Asked whether anything was being done to address the challenge, Korie replied, “As far as I am concerned nothing for now. The only way out, if you want to know, is that they (the government) should increase the price of fuel a little to reduce the money spent on PMS subsidy.
“I know Nigerians will not be happy to hear this, but this is the only solution. They should increase the price of fuel a little so that the savings will enable the Central Bank of Nigeria to have enough foreign exchange.
“You and I know that we import everything now in Nigeria. Diesel is an imported product and it is fully deregulated. So the importers are not getting dollars at the official CBN rate to import diesel. Everybody is going to the black market to get dollars to import their products and so you expect the price of diesel to be high.”

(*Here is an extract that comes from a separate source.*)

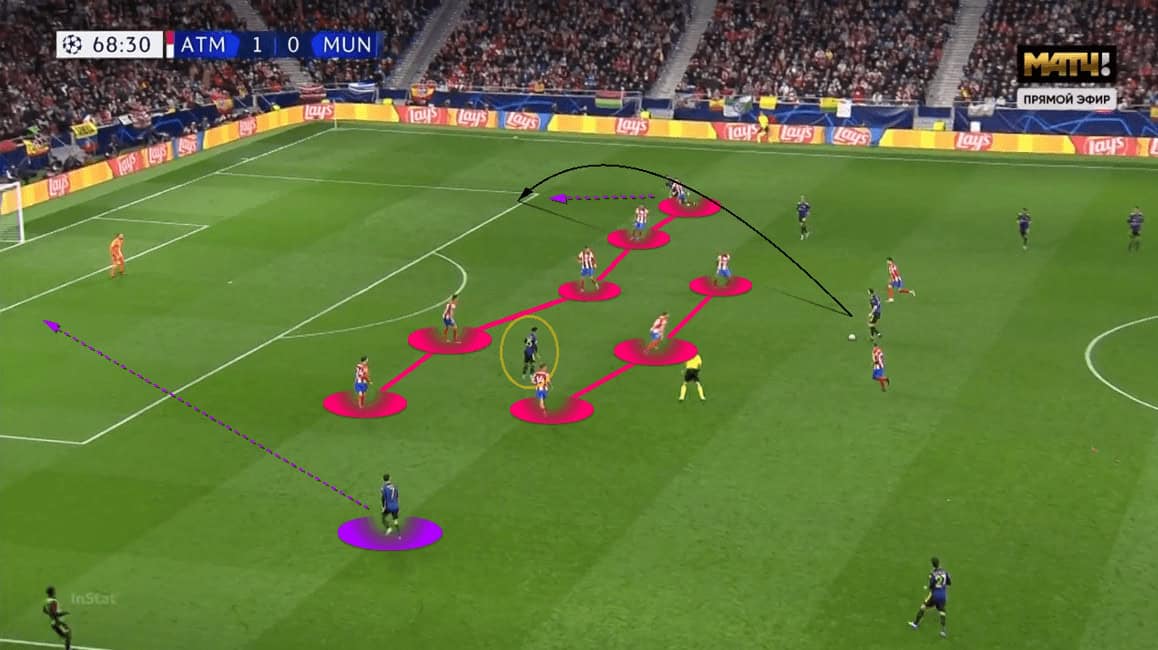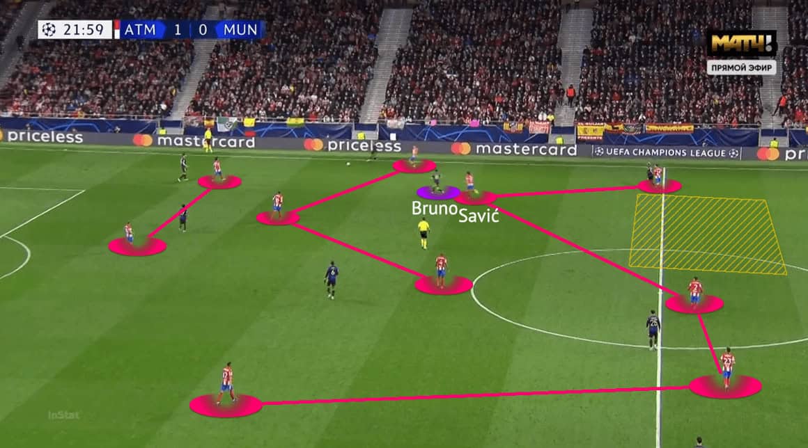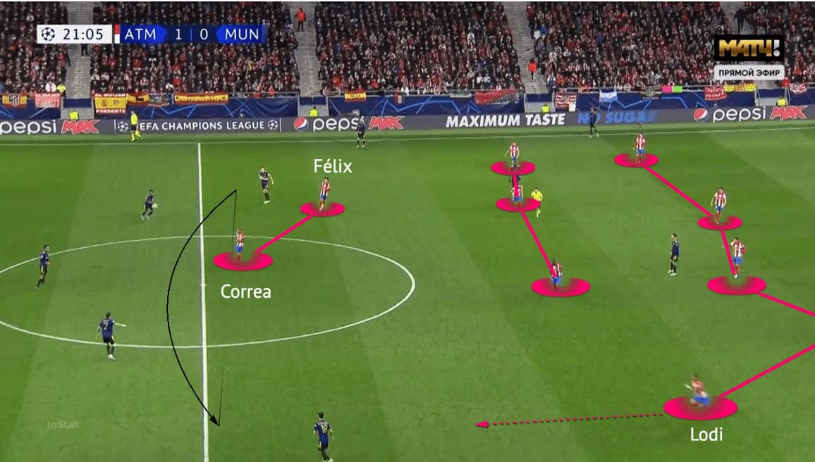 On the left side, the press of Atlético was a bit different. Simeone’s side was brave on that night and wanted to defend in the central third, not letting the opponents enter the last third easily. The weakness of a 5-3-2 was the limited horizontal coverage in the first two lines. So, the wing-back (Renan Lodi) from the opposite side would come very early to press the receiver. Compared to the right side, this press was rather vertical.
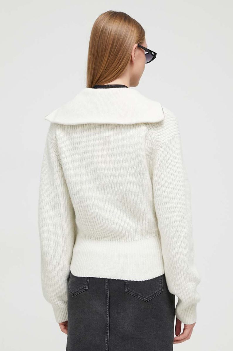 Светр з домішкою вовни HUGO жіночий колір бежевий теплий гольф

Korie stated that if the government could bring down the rate at which it spends foreign exchange on PMS imports, this would will help other businessmen who import diesel to bring in products at low prices.
So you need to increase fuel price a little in order to ensure that the dollars spent in importing petrol is reduced and there will be enough forex for importers of diesel and this will cut down the price of diesel.”
He also stated that this was the major reason why fuel queues had failed to clear in Abuja, as many filling stations lacked the funds to buy diesel at a high cost to run their trucks, transport petrol to the capital city and would still be made to sell PMS at N165/litre.
He explained that Lagos, Port Harcourt, Warri and other states closer to these areas had no queues because the three named cities had seaports and large depots for loading and distributing petroleum products.
Korie said, “The reason why you are having scarcity of petroleum products particularly in Abuja is as a result of the high cost of diesel. The price of diesel today in the market is N850/litre. You will also agree with me that the money being paid as bridging claims to transporters is not enough.
“The price is N850/litre and you are giving your driver 1,200 litres from Lagos to Abuja, if you do the calculation you will find out that the landing cost (for transporting the fuel) is about N40/litre.
“So if you add that to PMS, buying at the depot price and selling here, it is too high. So if your cost of bringing it in is at N40/litre and you bought it at N155/litre, when you add this you will get N195/litre. But you are to sell at N165/litre. So who will do that kind of business? It is already a loss-making business.”
Economic experts and operators in the oil sector had repeatedly called on the Federal Government to stop subsidising petrol in order to halt the humungous foreign exchange spent on its imports.
A former President, Association of National Accountants of Nigeria, Dr. Sam Nzekwe, told our correspondent that petrol subsidy was eating deep into the finances of Nigeria.
“Petrol subsidy is eating deep into our national treasury. It is affecting almost every aspect of the economy, because so much forex is used for its imports. It has to be stopped, but we must get our refineries working,” Nzekwe said.
Also, the Chief Executive Officer, Centre for the Promotion of Private Enterprise, Dr. Muda Yusuf, has also told our correspondent that subsidy in petrol should be cautiously and gradually removed based on its depleting effects on both federal and state governments’ revenue.
According to Nairametrics, Head of Oil Trader at Vitol warned that Europe imports half of its diesel from Russia and the other half from the Middle East, saying that shortfalls of diesel from Russian imports accounted for about 15 per cent of Europe’s consumption and that crude oil is refined there.